A significant consequence of development within an epithelial field is that position and numerical proportion of various cell types can be influenced by direct signaling from one cell type to another. For instance, in Drosophila eye development many cell fate decisions depend on direct cell-cell signaling via Notch/Delta, including the induction of primary pigment cells by adjacent cone cells [28]. Signaling between mesenchymal eye progenitors in planarians is less likely to depend on cell contact. Longer-range signaling molecules in planarians could be responsible for coordinating progenitor numbers and position. Perturbation with RNAi of Wnt [29][33], Bmp [34][36], or Fgf [37] signaling in planarians can result in ectopic eyes. It is unknown, however, whether these pathways act directly in eye progenitor specification or whether ectopic photoreceptors are the indirect result of major regional tissue changes in these RNAi animals, such as expansion of the brain. Investigation of the signaling molecules that directly act on eye progenitors might promote understanding of how progenitor numbers are coordinated during de novo organ regeneration.

Transcription regulatory genes and eye regeneration

The planarian eye has important similarities to many animal eyes, including expression of regulatory transcription factors such sine oculis [3] and eyes absent [4], downstream genes such as opsin, arrestin, and tyrosinase, as well as the overall morphology of a pigmented cup that encapsulates photoreceptive organelles. We identify planarian dlx and sp6-9 as novel regulators of optic cup progenitor formation during planarian eye regeneration. Dlx and Sp6-9 transcription factors are well conserved throughout the Eumetazoa and can function as an evolutionarily conserved module. Together, Dlx and Sp6-9 genes regulate limb outgrowth in both insects and vertebrates [38][42] and are important for development of the vertebrate tooth [40], [43][44], another appendage-like structure. Dlx and Sp6-9 family genes are also both expressed in the anterior of the body axis in Drosophila embryos and the basal deuterostome Saccoglossus [45], although a coordinated role for these two genes in the anterior of the body axis has not yet been supported by functional data. Multiple Dlx genes are expressed in the vertebrate eye from early stages of retina formation [46][47], and a Dlx gene is expressed in the adult Platynereis cup-shaped eye [48].

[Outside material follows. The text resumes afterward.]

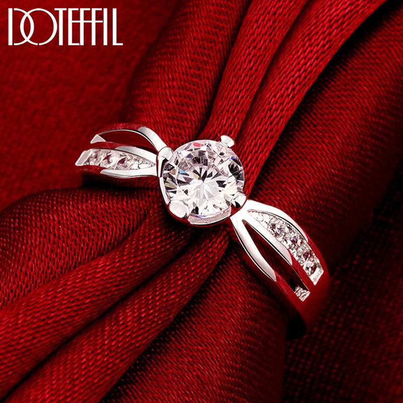 DOTEFFIL 925 Sterling Silver Full AAA Zircon Round Ring For Woman Fashion Wedding Engagement Party Charm Jewelry
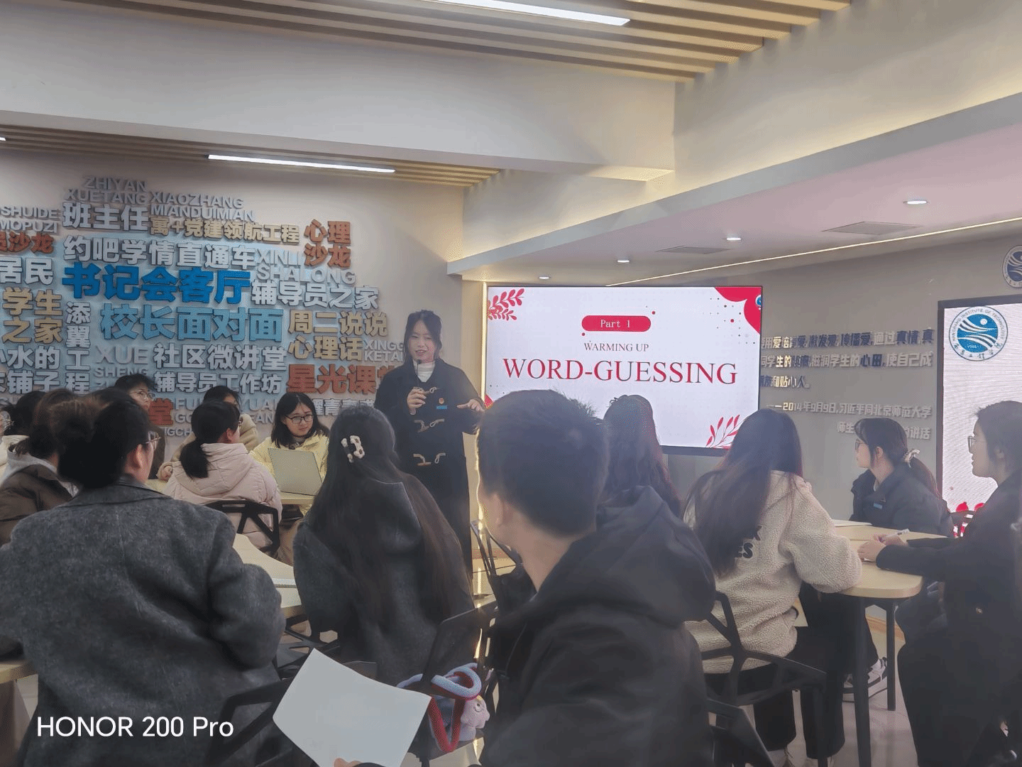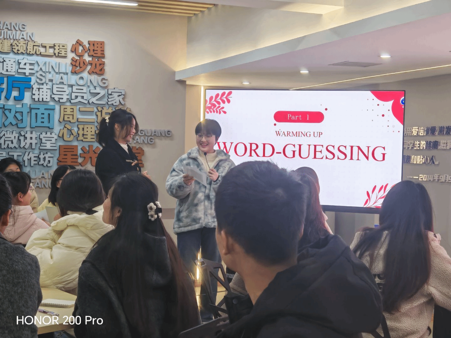 活动以“比划猜词”热身开场,学生通过英语描述《哪吒2》相关词汇迅速破冰。随后分组讨论影片角色、情节转折及文化元素,在英语交流中剖析影片的创新表达。第三环节“卧底游戏”巧妙结合剧情关键词,学生通过英语推理与互动,在趣味中提升语言应用能力。最后,参与者分享对中国文化创新传播的见解,并领取活动纪念品。

Planarian eye regeneration differs from eye development in a number of other animals in that it does not appear to rely on orthologs of the pax6(eyeless) [49] or dachshund genes, two important components of the Drosophila retinal determination gene network (RDGN). Pax6 genes are important regulators of eye development across many animal lineages [50]. dachshund is required for Drosophila eye development [51], and dachshund orthologs are expressed, but not functionally required, during mouse eye development [52]. Therefore, potentially ancestral eye specification genes [21] might not be involved in planarian eye regeneration. One possible explanation for this is that differences in specification mechanisms may exist between embryonic development and adult regeneration. The roles for eye regeneration genes are currently unknown in planarian embryonic eye development. Another possibility, if these genes indeed had roles in eye specification in the ancestor of Bilateria, is that planarians have diverged over evolutionary time with respect to their reliance on pax6 and dachshund.

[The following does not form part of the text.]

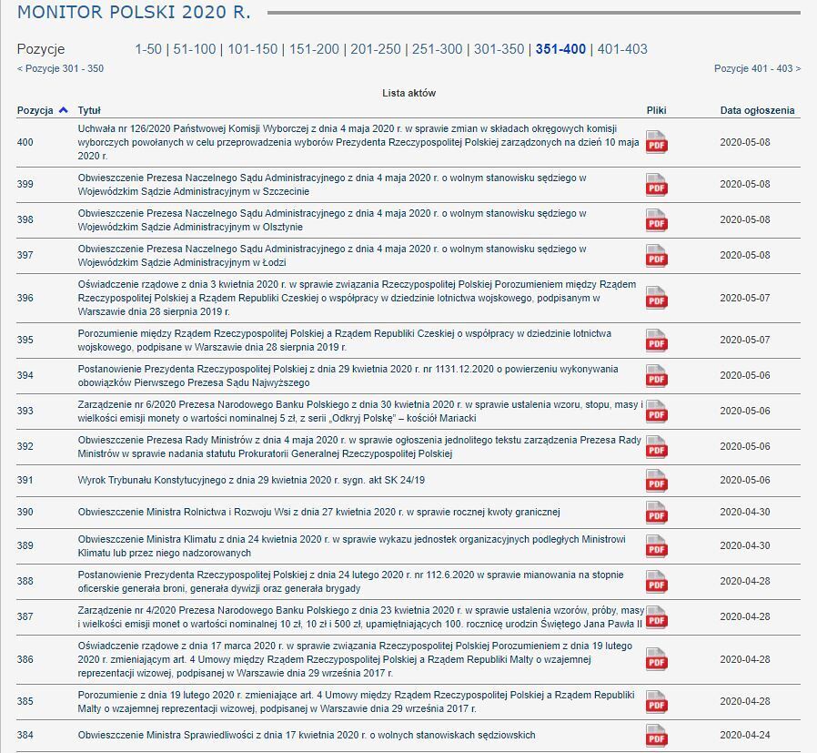 - Jeśli nie ma ustawowego wyłączenia, uchwała, by zaczęła obowiązywać, musi zostać opublikowana - podkreśla prof. Piotrowski. W przepisach, w tym ustawie o systemie instytucji rozwoju nie ma takiego wyłączenia. Uchwała jest podjęta na podstawie jej art. 21a. Czytamy w nim m.in., że Rada Ministrów, w związku ze skutkami COVID-19, może powierzyć PFR realizację rządowego programu udzielania przedsiębiorcom wsparcia finansowego, a program określa w szczególności warunki i okres udzielania przedsiębiorcom wsparcia finansowego, sposób przygotowania i elementy rocznych planów udzielania tego finansowania oraz sprawozdawczości z ich realizacji. Nie ma w nim słowa o tym, że uchwała nie musi być publikowana. Mimo to nie ma jej w MP (patrz print screen na dole artykułu)

Planarians also differ from vertebrates, but are similar to Drosophila, in the role of Orthodenticle homologs in pigment cell specification in the eye. Vertebrate RPE development depends on otx2 [53], and regeneration of the newt RPE is associated with expression of otx [54]. By contrast, in planarians the only known eye-expressed orthodenticle homolog, otxA, is expressed specifically in the photoreceptor neurons, and not the pigmented cells (Figure 1H) [20] and is primarily required for photoreceptor neuron specification (Figure 1N). Similarly, in Drosophila development, orthodenticle is required for photoreceptor neuron development, and a role in pigment cells of the eye has not been described [55]. Therefore, the function of Orthodenticle homologs in maintenance and specification of pigmented eye cells may differ between protostomes and deuterostomes.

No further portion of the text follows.